Microscopic features
- Neuroblastomas are composed of small, primitive-appearing neuroblasts with dark nuclei & scant cytoplasm, g rowing in solid sheets.  
- The background consists of light pinkish fibrillary material corresponding to neuritic processes of the primitive cells. 
- Typically, rosettes can be found in which the tumor cells are concentrically arranged about a central space filled with the fibrillary neurites.
- Supporting features include include immunochemical detection of neuron-specific enolase and ultrastructural demonstration of small, membrane-bound, cytoplasmic catecholamine-containing secretory granules.
- Some neoplasms show signs of maturation, either spontaneous or therapy-induced. Larger ganglion-like cells having more abundant cytoplasm with large vesicular nuclei and prominent nucleoli may be found in tumors admixed with primitive neuroblasts (ganglioneuroblastoma). Further maturation leads to tumors containing many mature ganglion-like cells in the absence of residual neuroblasts (ganglioneuroma). 

Many factors influence prognosis, but the most important are the stage of the tumor and the age of the patient. Children below 1 year of age have a much more favorable outlook than do older children at a comparable stage of disease. 

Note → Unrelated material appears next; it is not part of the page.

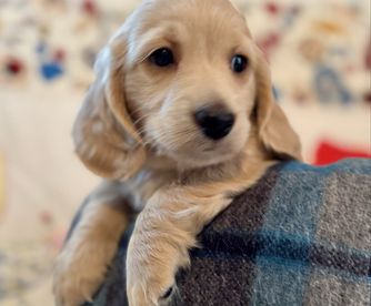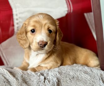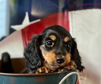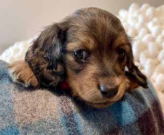 Hoover is a longhair cream AKC registered dachshund who is very protective of his family, both his humans and his 2 ladies. He is very loving, smart and the best cuddler. Hoover was super easy to house train and is currently learning new tricks. His dad is an AKC champion and his mom has won several awards.

Miscroscopic features are also an independent prognostic factor; evidence of gangliocytic differentiation is indicative of a "favorable" histology. Amplification of the MYCN oncogene in neuroblastomas is a molecular event that has profound impact on prognosis. The greater the number of copies, the worse is the prognosis. MYCN amplification is currently the most important genetic abnormality used in risk stratification of neuroblastic tumors. 

About 90% of neuroblastomas produce catecholamines (as pheochromocytomas), which are an important diagnostic feature (i.e., elevated blood levels of catecholamines and elevated urine levels of catecholamine metabolites such as vanillylmandelic acid [VMA] and homovanillic acid [HVA]).